#### RECORDS FOR THE EXERCISE ####
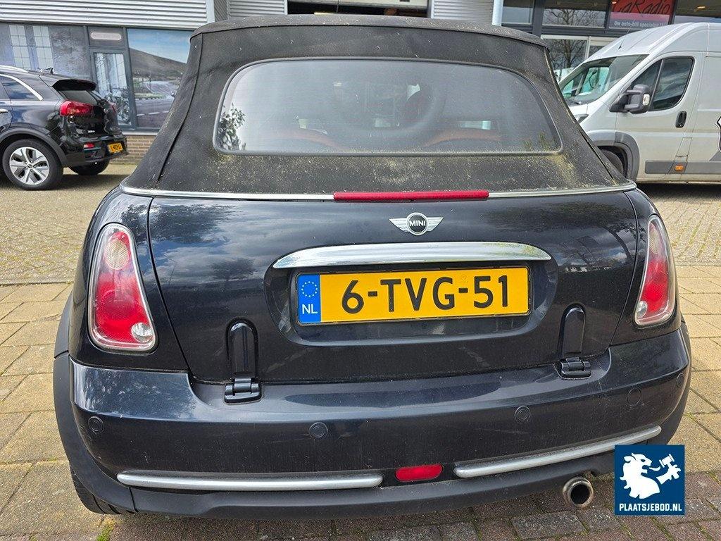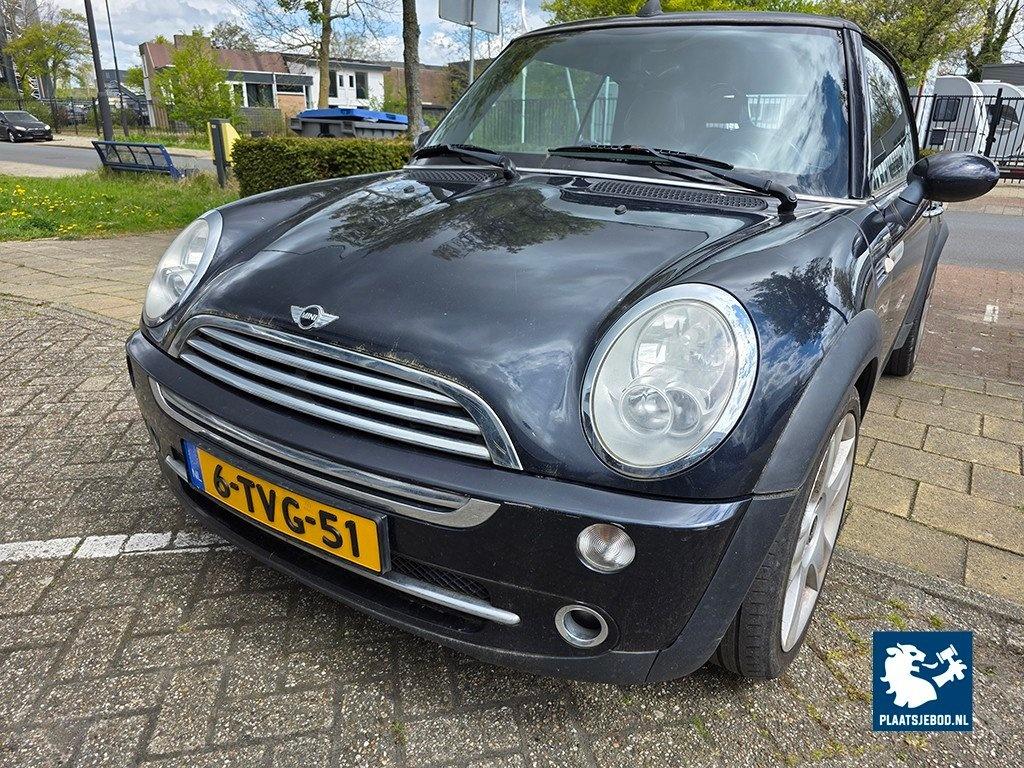 1 x Mini Cabrio personenwagen type 1.6 Cooper, kenteken 6-TVG-51, afgegeven op 03-04-2015, bouwjaar 2008, APK geldig t/m 21-11-2025, afgelezen kilometerstand 166,977 km. Linkerdeur gaat niet open.
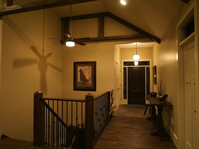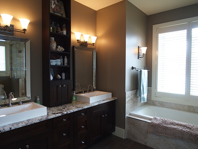 A one story home with a two car garage. The home features a covered porch at the front and rear. The basement is finished as per plan with a three piece bathroom.
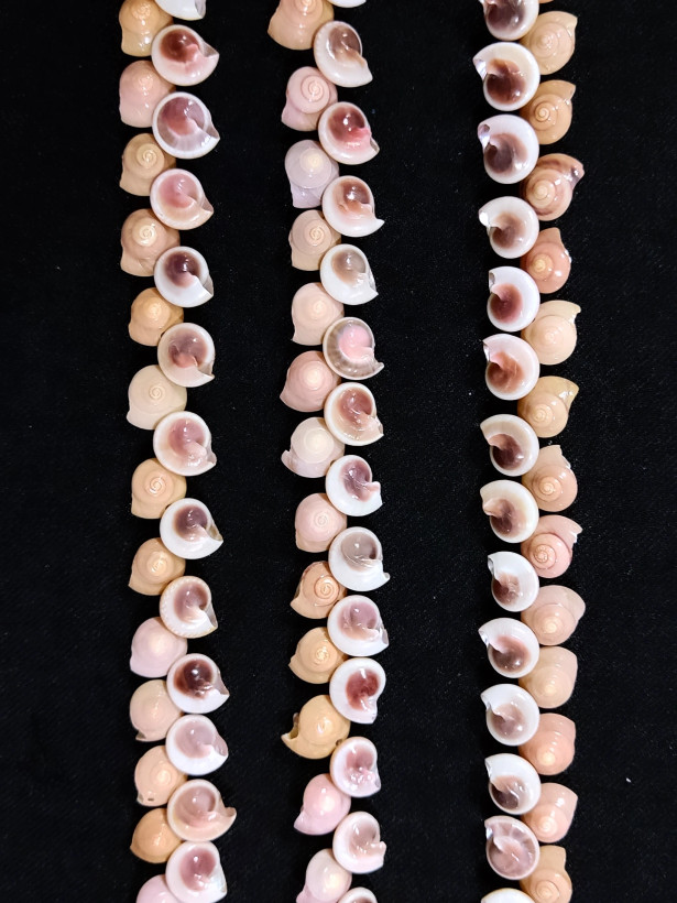 ریسۀ صدفی 40 سانتیمتری دکمهای، ساخته شده از 60 - 70 عدد صدف شسته شدۀ برّاق و بدون بو است. سوراخکاری این صدفها بسیار دقیق و حرفهای صورت گرفته و با قیمت مناسب آمادۀ ارائه به علاقهمندان است.
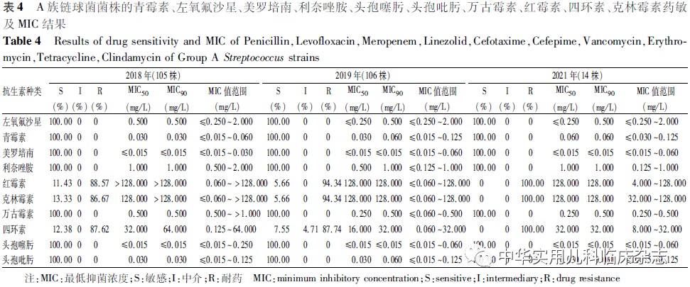 A族链球菌;emm基因;药敏试验;儿童
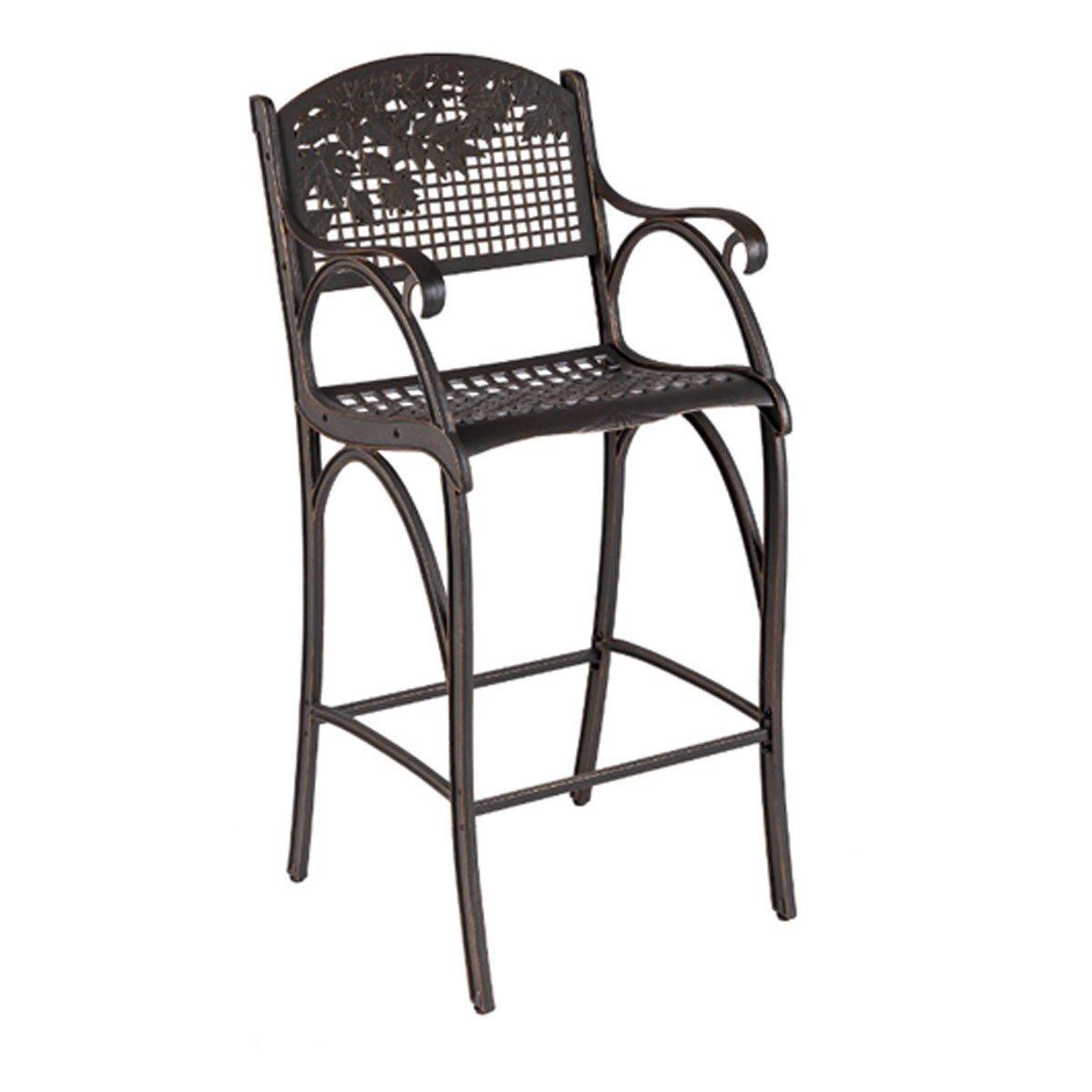Add a new seating element to your indoor or outdoor space with our pub furniture. The Leaves Pub Chairs with matching Leaves Pub Table provide a stunning two-person seating arrangement. The artist-designed leaf pattern if set against a clean-lined grid. The pub chairs are made of premium cast aluminum, featuring a bronze powder coat with hand painted gold highlights. Chairs and tables sold separately.
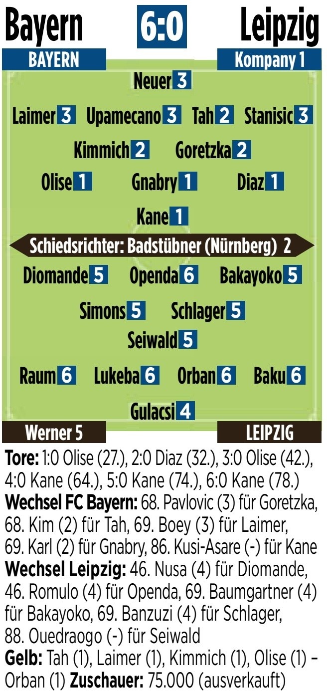 8月23日訊 德甲首輪比賽,拜仁主場(chǎng)6-0擊敗萊比錫,《圖片報(bào)》對(duì)兩隊(duì)球員和教練進(jìn)行了評(píng)分,凱恩、迪亞斯、格納布里、奧利塞1分最高。
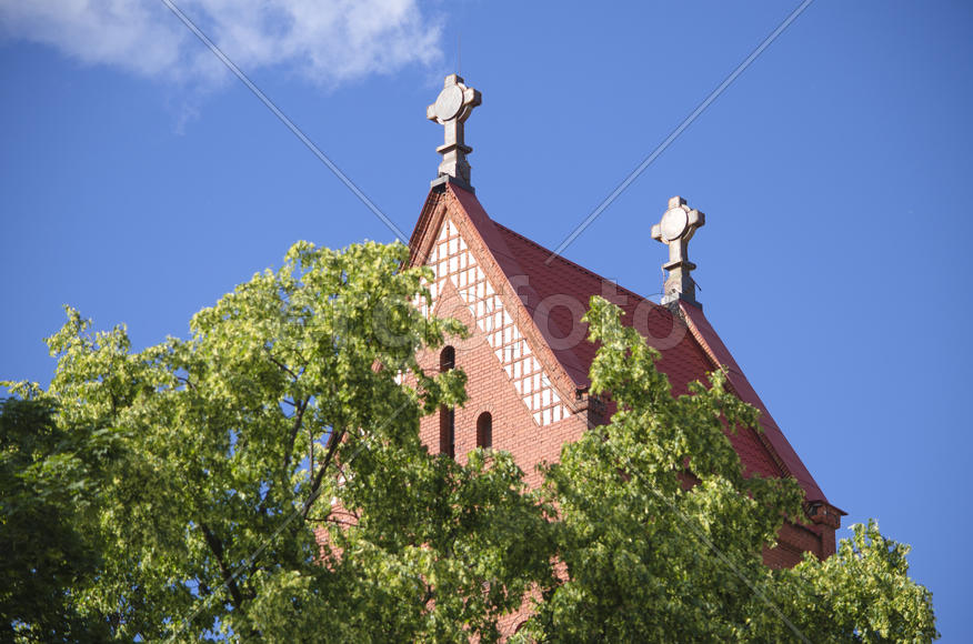 На фото изображен фрагмент башни костела Св. Симеона и Елены в Минске на фоне деревьев покрытых свежей зеленой листвой под голубым солнечным летним небом и белыми легкими облаками.
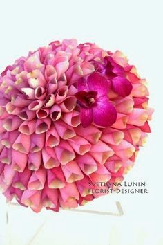 "Niezwykły wygląd osiąga się przez "stworzenie" całości rośliny która nie istnieje w naturze lub jedynie części innych kwiatów. Płatki kwiatu albo elementy zielone są odpowiednio pospinane razem, jeden wewnątrz drugiego, tworząc jedną wielka kompozycję. Uwaga: nie każdy florysta jest doświadczony w tworzeniu takich kompozycji, zatem jeżeli już zdecydujecie się na ten styl, poszukajcie kogoś, kto już robił takie bukiety.
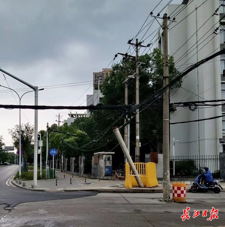 6月12日,长江日报记者在现场看到,倾斜的电线杆上并没有电线,其长度仅为旁边正常电线杆的三分之一,因该电线杆距人行道很近,其底座被两块护栏围了起来。
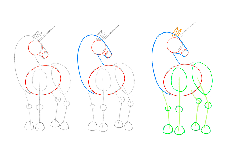 Sketch the major shapes of the unicorn, which are shown in the picture below and represented in the colors blue, yellow, green, and red!
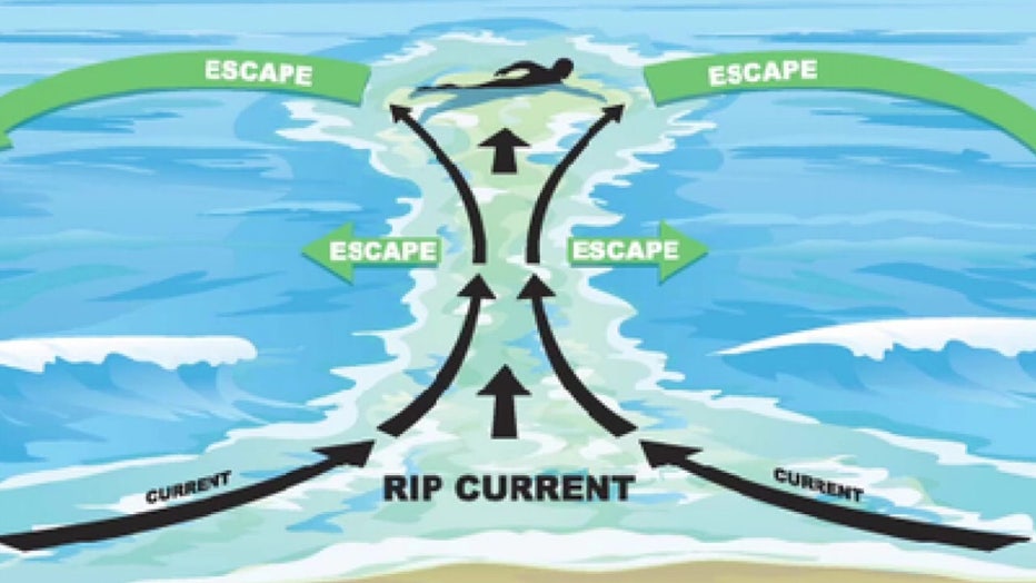 "Just go with the flow," Chief Barrs said. "Float on your back. If you can, paddle or swim parallel to the beach. There's no way you'll be able to swim against the current and not become fatigued. That's where we see a lot of folks get overwhelmed and fatigued and unfortunately, drown. So, if you get caught, just try to drift with it and gently paddle yourself parallel to the beach until you get out of the rip, and then you can swim back to shore. You can signal and waive and let people know you're in trouble, get 911 on the way, but don't try to fight the rip," he said.
####
◆ **WHAT IS BEING ASKED**: Starting at the first line of the material above and ending with the line that contains "На фото изображен", reproduce every line exactly, and leave out the pictures.

◆ **RESPONSE AREA**:
 1 x Mini Cabrio personenwagen type 1.6 Cooper, kenteken 6-TVG-51, afgegeven op 03-04-2015, bouwjaar 2008, APK geldig t/m 21-11-2025, afgelezen kilometerstand 166,977 km. Linkerdeur gaat niet open.
 A one story home with a two car garage. The home features a covered porch at the front and rear. The basement is finished as per plan with a three piece bathroom.
 ریسۀ صدفی 40 سانتیمتری دکمهای، ساخته شده از 60 - 70 عدد صدف شسته شدۀ برّاق و بدون بو است. سوراخکاری این صدفها بسیار دقیق و حرفهای صورت گرفته و با قیمت مناسب آمادۀ ارائه به علاقهمندان است.
 A族链球菌;emm基因;药敏试验;儿童
Add a new seating element to your indoor or outdoor space with our pub furniture. The Leaves Pub Chairs with matching Leaves Pub Table provide a stunning two-person seating arrangement. The artist-designed leaf pattern if set against a clean-lined grid. The pub chairs are made of premium cast aluminum, featuring a bronze powder coat with hand painted gold highlights. Chairs and tables sold separately.
 8月23日訊 德甲首輪比賽,拜仁主場(chǎng)6-0擊敗萊比錫,《圖片報(bào)》對(duì)兩隊(duì)球員和教練進(jìn)行了評(píng)分,凱恩、迪亞斯、格納布里、奧利塞1分最高。
 На фото изображен фрагмент башни костела Св. Симеона и Елены в Минске на фоне деревьев покрытых свежей зеленой листвой под голубым солнечным летним небом и белыми легкими облаками.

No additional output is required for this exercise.